# reset brings back factory settings?



## comet24 (Oct 24, 2006)

Hi everyone 

Q. If i perform a reset to the the tivo will it go back to the factory settings? i mean if have a tivo with software version 7.2 and i want to reset this tivo to factory settings can i do that with the reset fanction?

thanks in advance 

comet24.


----------



## Da Goon (Oct 22, 2006)

The only reset that will reset all settings to factory default is a "clear and delete everything." If you simply "restart the recorder" then all your settings will stay intact. With a "clear and delete" you will lose all you recordings as well.


----------



## comet24 (Oct 24, 2006)

thanks man


----------



## comet24 (Oct 24, 2006)

so if the tivo goes back to its defult basic software version .and then i hook it up to the phone line would it get upgraded directly to the 7.2 version or to other version first.


----------



## ttodd1 (Nov 6, 2003)

A reset won't reverse the software version.


----------



## comet24 (Oct 24, 2006)

Is There A Way To Reset Software Also ? A Code Maybe? With Out Alot Of Hucking?


----------



## cheer (Nov 13, 2005)

comet24 said:


> Is There A Way To Reset Software Also ? A Code Maybe? With Out Alot Of Hucking?

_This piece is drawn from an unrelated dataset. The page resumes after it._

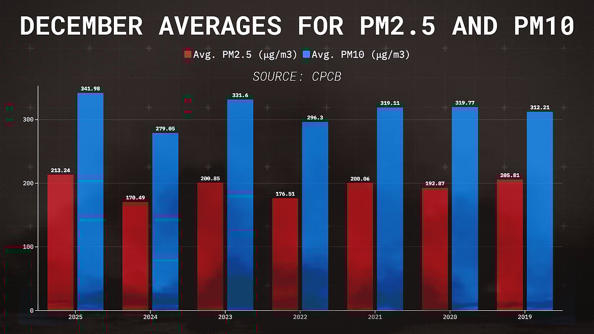 In fact, December 2025 was the most toxic the city’s air has been in seven years, with a monthly average AQI of 351, according to an analysis of the Central Pollution Control Board’s data. The daily average AQI hovered above 300 on 22 days, and fell into the ‘severe’ category on five days. The air was at its worst on December 14, when AQI spiked to a hazardous 461. Even the “cleanest” day – Christmas – managed only 234, still firmly in the “poor” category. The trends reflect in PM2.5 and PM10 numbers too.

No, because upgrades make changes to the MFS database that cannot be undone.

The only choice would be to buy a version of InstantCake (or get a software image elsewhere) for the old version, pull the drive, cable it up to your PC, and wipe it. You'd lose everything, of course.

Why do you want to downgrade? The old software, in many cases, won't even get guide data anymore.


----------